I have a teensy crush on Sam Claflin but even my fondness for his blue puppy eyes could not save Book of Love. Book of Love relies on very tired stereotypes and so would like to inform you that White Englishmen are stuffy and repressed while Mexican women are fiery and in touch with their sexuality and gay men are funny and Mexican men are afraid of looking vulnerable.

Book of Love is formulaic, which is usually fine in a rom-com as far as I’m concerned. But there is a “Henry learns to use social media” montage and a travel montage and a writing together montage and a writing solo montage. No one needs this many montages, people, even in a rom-com.

The characters and story are bland. Things that should be actual conflicts evaporate and are replaced with ridiculous conflicts. For a movie that is at least somewhat about celebrating sex, the actual sex is surprisingly coy. Even the end is boring despite taking a telenovela turn.
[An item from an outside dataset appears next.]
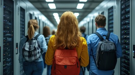 Students explore modern data center hallway with server racks, glowing lights. Young people learn about computer infrastructure, technology systems. Future IT professionals gain practical insights.

BUT, I admit to watching at least two scenes that made me laugh out loud. I enjoyed the dynamic between Henry and Maria’s son. I appreciated the fact that when people talk to each other in Spanish in the movie, they speak Spanish (there are subtitles). I was pleased that the movie falls consistently on the side of romance as a genre although given that the entire plot revolves around Maria turning Henry’s book into a romance novel, I am BAFFLED by the fact that the phrase “romance novel” is never uttered in the movie.

This is an hour and forty-six minutes I’ll never get back, not counting the minutes in which I actually laughed. It’s boring, it relies on broad, tired, and offensive stereotypes, and is ultimately bland and forgettable. Skip it. It’s not worth the popcorn.